We spent 4 weeks in the south of France working with Emma Daniel. Most of the time in Cevennes mountains: Sainte Croix Vallée Française and some of the time in Corbieres: Sigean and Thézan.

In the Cevennes we lived and worked in a camping site. Emma borrowed us the 70’ies camping wagon which she got for herself and for her kid, when she separated from her husband. The camping grounds were mostly empty, so we used them as studios and rehearsed outside.

Toni Steffens, a beloved friend and colleague, came with us the first week and Andrea’s sister and parents came for a visit in the last week.

Generally it was a very positive experience to work like this, off the grid. We had been worried about being able to work without access to regular childcare (school). But once in the mountains we also realised how much time and energy were saved by not having access to the city. It sounds cliché, but there is so much ambient stress and distraction in the city which invisibly inhibits our ability to focus and work. And also makes Penélope require more care and attention. In the mountains we were all calmer and that made work easier.

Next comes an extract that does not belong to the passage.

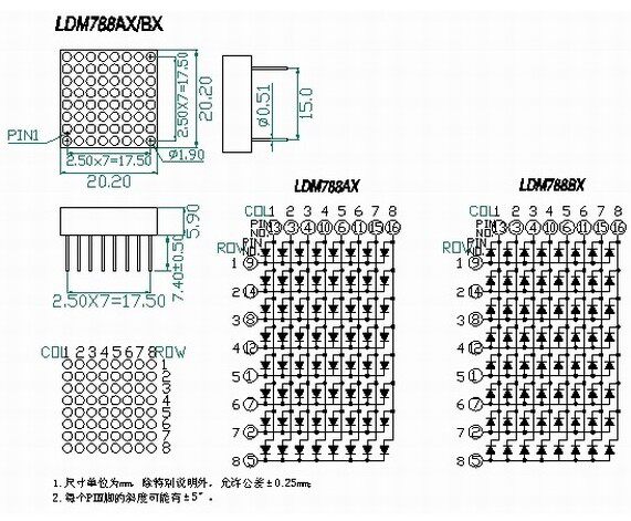 1,9 мм модуль точечной матрицы 8*8 точка линии 1,9 мм 20*20 мм 7888AS/BS Common Yin/Total Yang 16 Pin

In the weeks without visitors we found it worked best to take turns, so 2 adults worked together and the last adult went on an adventure with Penélope (and Emma’s kid when he was around). It was precious to have this kind of long duration, low stimulation hang out with Penélope. To move slowly through the landscape, find pretty stones at the river, build castles of rough sand, look for the frogs, dip the feet in the cold water.. She would go to the river everyday, so would know it better than us and teach us things she learned with Toni in the first week. For instance, the difference between the nettles and the wild mint. (“ese pica y ese huele rico y es para la tee”)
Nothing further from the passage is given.